Comment 5 for bug 1880578

Revision history for this message
OpenStack Infra (hudson-openstack) wrote : Fix merged to metal (master)

Reviewed: https://review.opendev.org/761760
Committed: https://git.openstack.org/cgit/starlingx/metal/commit/?id=11960566125e395e2556af1719778d737d4b86e5
Submitter: Zuul
Branch: master

commit 11960566125e395e2556af1719778d737d4b86e5
Author: Eric MacDonald <email address hidden>
Date: Fri Nov 6 09:21:22 2020 -0500

    Disable Redfish BMC audit and improve reinstall failure handling

    The Mtce Reinstall Handler can collide with the BMC Redfish
    audit resulting in reinstall failure. BMC handler's 2 minute
    connection audit can colliding with other BMC commands.

    The reinstall handler, with 4 bmc command operations is
    particularly suseptable.

    Two additional bmc communication improvements are implemented:

    1. Add 'retry' handling to all BMC requests in the Maintenance
       Reinstall Handler FSM to handle transient command failures.

       Note: There are already retries to all but the power status
       query and the netboot requests in that handler and retries
       in other administrative commands that involve bmc requests.

    2. Switch BMC power control command management from 'static' to
       'learned' lists. Some BMCs don't support both graceful and
       immediate power commands; Graceful Restart and Force Restart.
       To remove the possibility of using an unsupported BMC command,
       this update switches from static to learned power command lists
       with log produced if a server is missing command support.

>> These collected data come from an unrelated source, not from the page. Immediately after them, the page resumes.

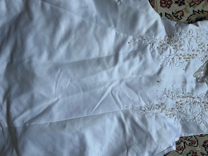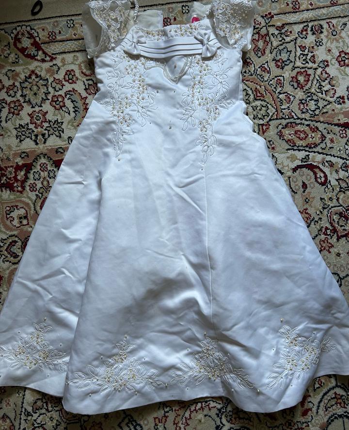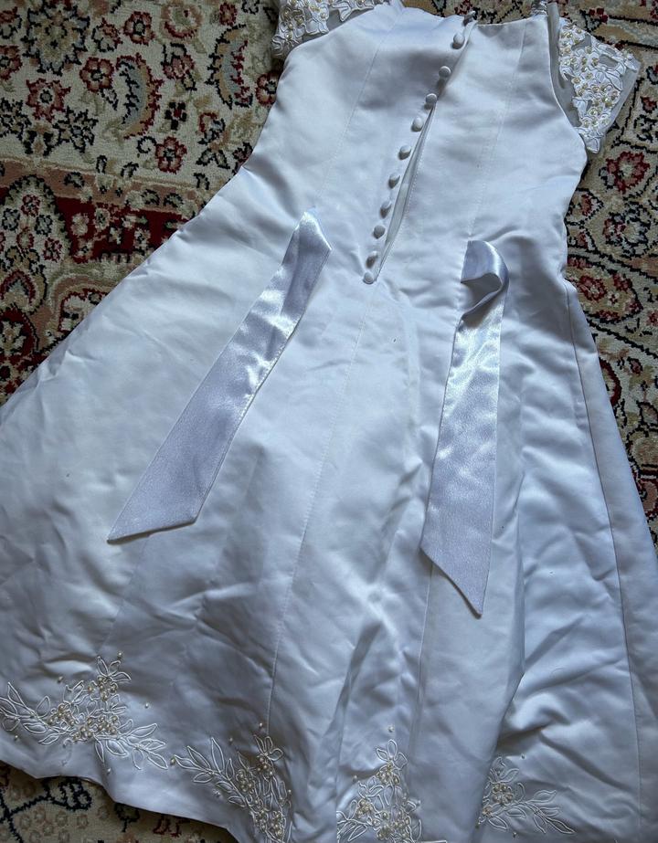 Продам элегантное праздничное платье в отличном состоянии. Идеально подойдет для дня рождения, свадьбы или любого другого важного события! Основные характеристики: • Цвет: Классический белоснежный. • Материал: Плотный, качественный атлас с благородным блеском. Хорошо держит форму. • Декор: Платье богато украшено нежной вышивкой и жемчужными бусинами на корсете, рукавах и по подолу. Артикул: 581587
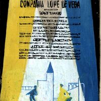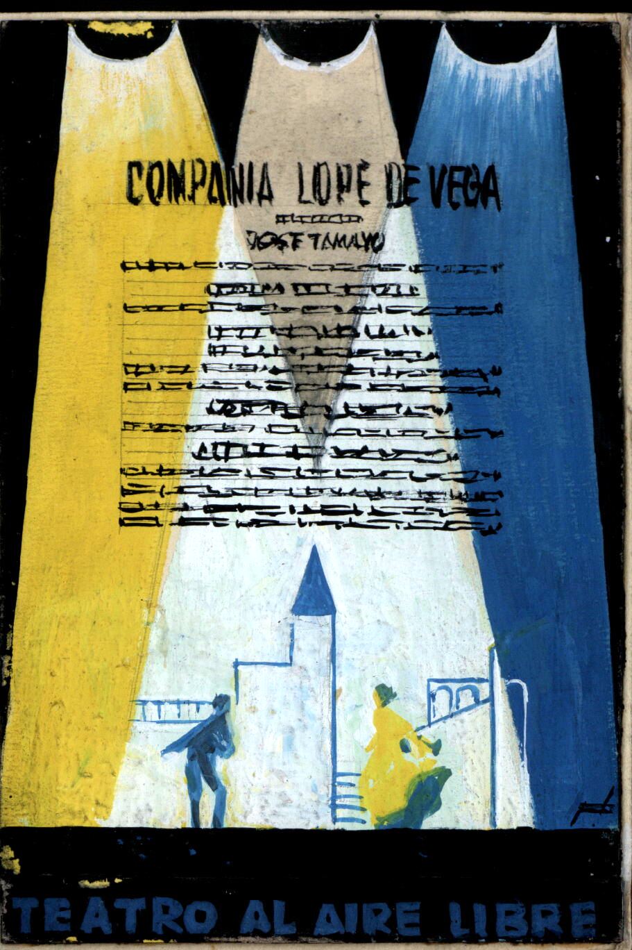 - Cartel que corresponde a la compañía de Lope de Vega, con la imagen de tres focos iluminando con diferentes intensidades que se cruzan creando una luz blanca que ilumina la escena donde aparecen dos figuras, hombre y mujer de amarillo sobre un escenario.
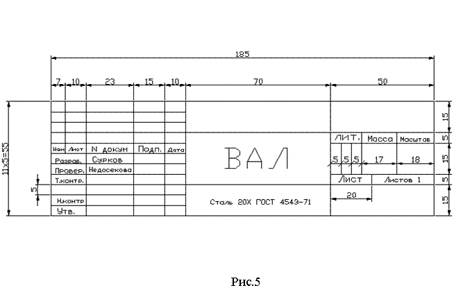 На новом чертеже с границами 297х210 начертить чертежный штамп без надписей в соответствии с заданными размерами. Сохранить чертеж под именем Htamp.
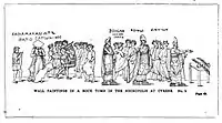 "O próximo grupo está, infelizmente, muito danificado, pois sua composição é notável. Contém oito figuras, todas coroadas de hera; o quarto soprando um chifre duplo; diante deles está uma figura nua com um peito quadrado. Aqui está um figura agora sem cabeça, e novamente o músico tocando a lira, rodeado por sete pessoas. Uma figura masculina, em uma máscara trágica, parece declamar para uma mulher também mascarada, que está rodeada por outras sete mulheres, coroadas com guirlandas. [...] em estilo, eles se parecem muito com muitos dos afrescos de Pompeia, aos quais, ou melhor, mais tarde, podem ser atribuídos. Em ambos os lados da porta, há uma luta de animais e uma caça. Em um, há um touro atacado por um leão, enquanto um tigre se prepara para saltar sobre seu pescoço; acima estão veados, uma gazela, cães e um chacal. Lanças estão voando por toda parte."

       Power commands escalate from graceful to immediate in the
       presence of retries.

    Test Cases:

    PASS: Verify bmc handler redfish audit is disabled
    PASS: Verify reinstall soak using redfish
    PASS: Verify reinstall netboot and power status retry handling
    PASS: Verify all power control commands using redfish
    PASS: Verify graceful operations are used if available
    PASS: Verify immediate operations are used for retries

    Regression:

    PASS: Verify bmc ping audit success and failure handling

    PASS: Verify Reset Handling soak (redfish and ipmi)
    PASS: Verify Power-Off/On Handling soak (redfish and ipmi)
    PASS: Verify Reinstall Handling soak (redfish and ipmi)
    PASS: Verify Standard System Install (redfish and ipmi)
    PASS: Verify AIO DX System Install (redfish and ipmi)

    PASS: Verify this update as a patch

    Change-Id: Idb484512ccb1b16e2d0ea9aff4ab7965347b1322
    Closes-Bug: 1880578
    Signed-off-by: Eric MacDonald <email address hidden>